La monnaie chinoise accélère son internationalisation

Il s’échange chaque jour dans le monde l’équivalent de 400 millions de dollars en yuans.

C’est la nouvelle coqueluche des marchés. Le yuan s’arrache dans le monde. Après avoir lancé, au cours de l’été dernier, un programme visant à permettre aux entreprises chinoises d’exporter et d’importer en yuans, Pékin, qui a également autorisé les banques étrangères à investir sur son marché obligataire, affichait fin 2009 un maigre bilan: seulement 527 millions de dollars d’opérations commerciales avaient été libellés en monnaie locale au bout de six mois.

Mais, depuis, l’attrait pour le yuan, qui reste sous l’étroit contrôle du gouvernement, a littéralement explosé. Au premier semestre, le volume du commerce extérieur chinois effectué dans cette monnaie a atteint 10,3 milliards de dollars. Chaque jour, 400 millions de dollars sont échangés en yuans sur les 4000 milliards de dollars de transactions quotidiennes enregistrées dans le monde. En 2015, les échanges dans cette monnaie pourraient atteindre 3000 milliards de dollars par an, selon la Banque de la construction chinoise.

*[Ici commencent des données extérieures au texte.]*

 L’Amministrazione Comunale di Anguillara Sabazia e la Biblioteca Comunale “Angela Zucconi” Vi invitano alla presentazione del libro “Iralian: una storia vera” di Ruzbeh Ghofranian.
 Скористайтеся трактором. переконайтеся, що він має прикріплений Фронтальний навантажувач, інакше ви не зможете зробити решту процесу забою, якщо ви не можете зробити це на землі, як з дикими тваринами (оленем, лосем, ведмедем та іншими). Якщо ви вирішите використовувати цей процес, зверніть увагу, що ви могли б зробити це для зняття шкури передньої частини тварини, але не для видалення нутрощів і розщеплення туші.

«C’est un changement majeur dans le paysage de la finance internationale», prédit Norman Chan, patron de la Banque centrale de Hongkong. McDonald’s et Caterpillar ont été les premières entreprises étrangères non financières à émettre des obligations en yuans, marquant selon Standard Chartered «le début d’une nouvelle source de financement pour les groupes internationaux qui veulent lever des capitaux pour leurs opérations en Chine».

Payer les matières premières
Mercredi matin, le yuan sera, pour la première fois de son histoire, échangeable sur le marché des changes à Moscou. Un juste retour des choses puisque le rouble l’avait été sur le marché chinois fin novembre. L’opération n’est pas innocente. La Chine, qui cherche des matières premières partout dans le monde, va pouvoir les payer dans sa propre monnaie en même temps qu’elle fournira à la Russie des biens et des services facturés en yuans. Et Pékin compte bien réitérer l’expérience en Afrique, en Amérique latine et dans tous les pays riches en pétrole et en gaz.

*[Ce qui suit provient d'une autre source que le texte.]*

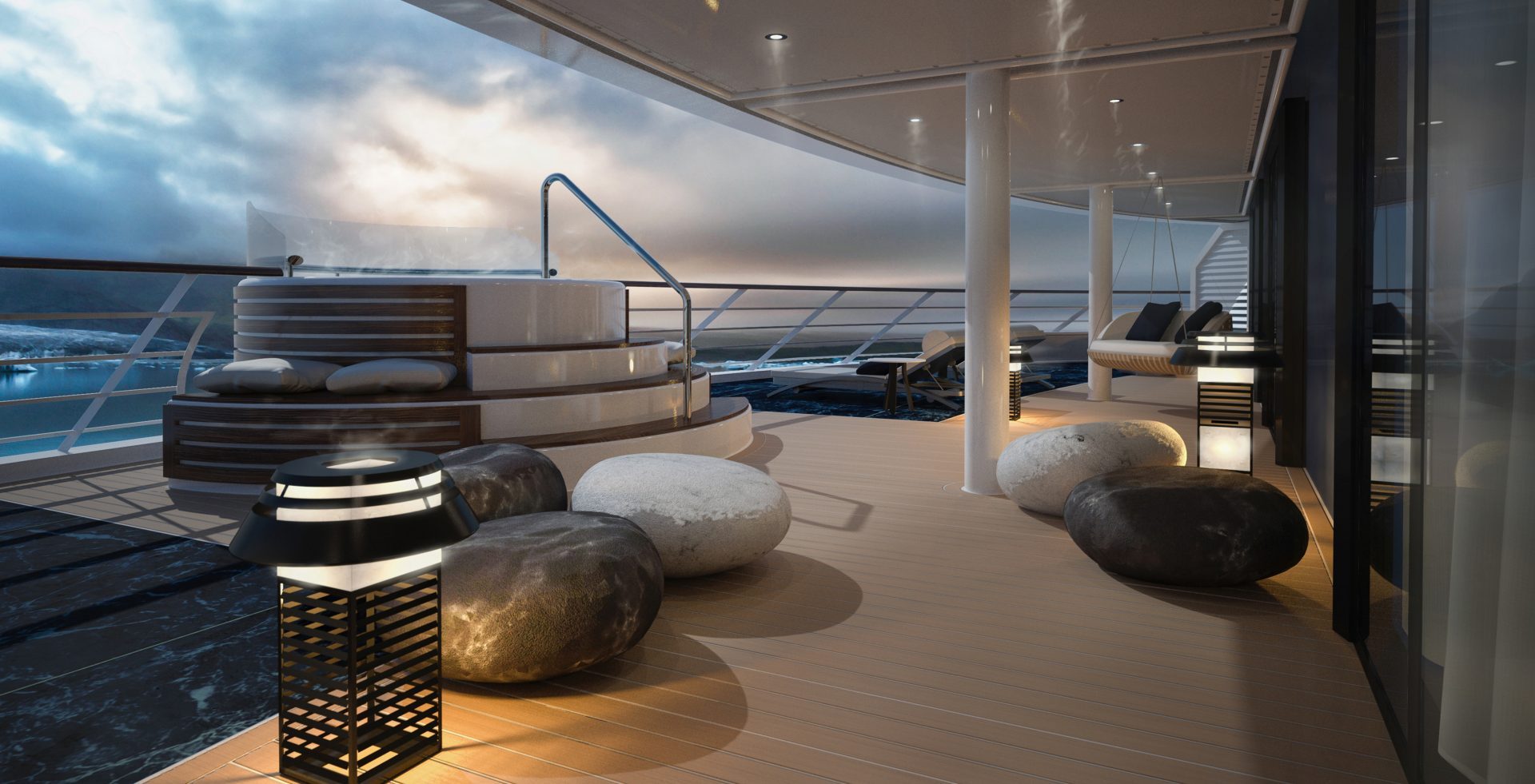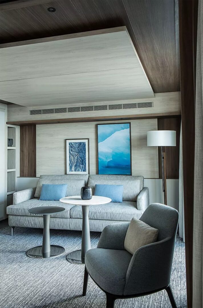 This superb mega-yacht with 135 cabins and suites was designed in France and built in Norway. The indoor swimming pool, the conservatory, the panoramic restaurant, the Blue Lagoon outdoor restaurant, the Main Lounge, the Observation Lounge, the lobby… Each of the common areas has been designed to both convey French-style discreet luxury and arouse wonder and amazement. The common thread running through all their designs is the desire to allow the light to penetrate and open everything up the extraordinary polar landscapes and scenery. This very first hybrid-electric polar exploration ship powered by LNG has been designed with the greatest attention to detail in terms of safety and respect for the environment.

En internationalisant progressivement leur monnaie, les Chinois stimulent les échanges avec les pays qui les intéressent le plus et cherchent à attirer des investisseurs sur leur marché obligataire. Selon certains analystes, entre 20% et 30% de leurs importations (130,4 milliards de dollars en novembre) pourraient être réalisées en yuans dans les prochaines années.

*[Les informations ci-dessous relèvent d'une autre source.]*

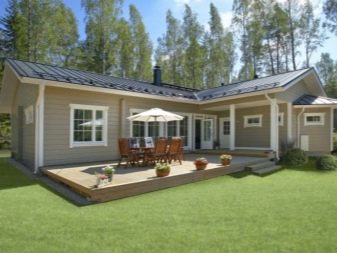 Традиционната финландска къща с тераса също е една от най -простите, затова често се избира като селско жилище. По правило тази малка вила с двускатен покрив има средна площ от 50 квадратни метра..
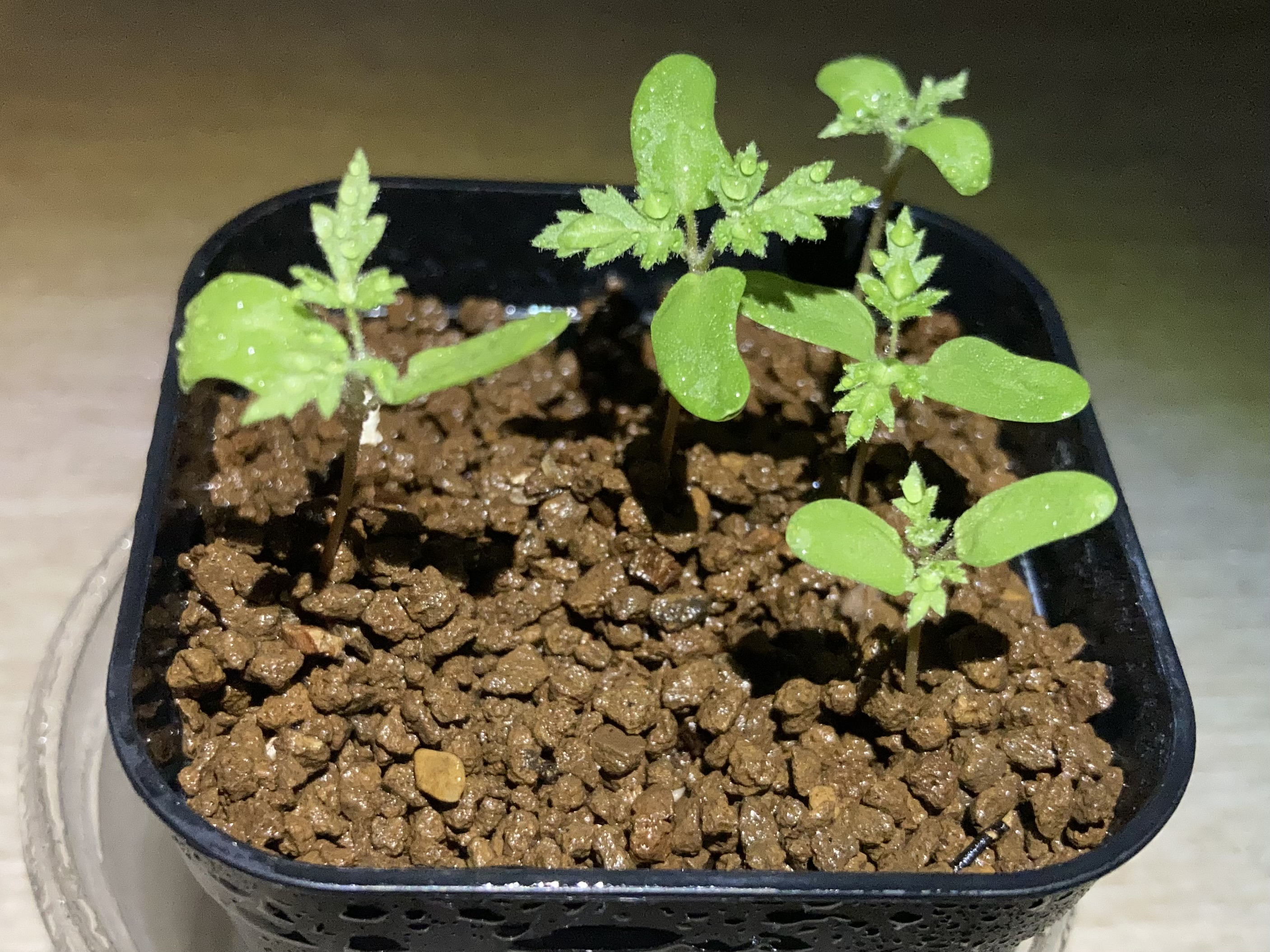 2025/9/28播種 2025/10/16撮影15粒播種、8株管理中メネデール+ベンレートに日中浸...
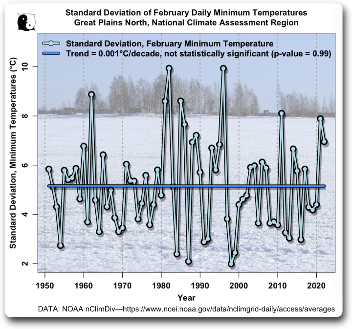 “Next, I didn’t answer because I calculated standard deviations in the normal way. I took all the February days for a given year and took their standard deviation.” If your source data only has regional daily means (i.e. means across stations) then you should dig deeper since those means are not fit for purpose (to give valid unbiased means and standard deviations) if they involve, as is certainly the case, non-random within-station missing values and non-random drop-in and drop-out stations. This point you failed to acknowledge and it is important since different sets of stations contributing to different time points can inflate the variance and thus your sample standard deviation as an artefact of the sampling imbalance (technically, station random effects do not cancel out in unbalanced datasets like they do in balanced spatio-temporal datasets so marginally they contribute to the temporal variances and that process needs to be modelled).

Mais le président russe Dmitri Medvedev ne s’y trompe pas, c’est aussi un moyen de «contrebalancer le poids du dollar et de l’euro». La deuxième puissance économique mondiale derrière les États-Unis n’est «pas encore à sa place sur le marché des changes», juge un banquier de Hongkong. Elle veut peser sur la réforme du système monétaire qui se prépare dans le cadre du G20 et doit laisser, selon le président, Nicolas Sarkozy, un rôle «éminent mais pas exclusif» au billet vert.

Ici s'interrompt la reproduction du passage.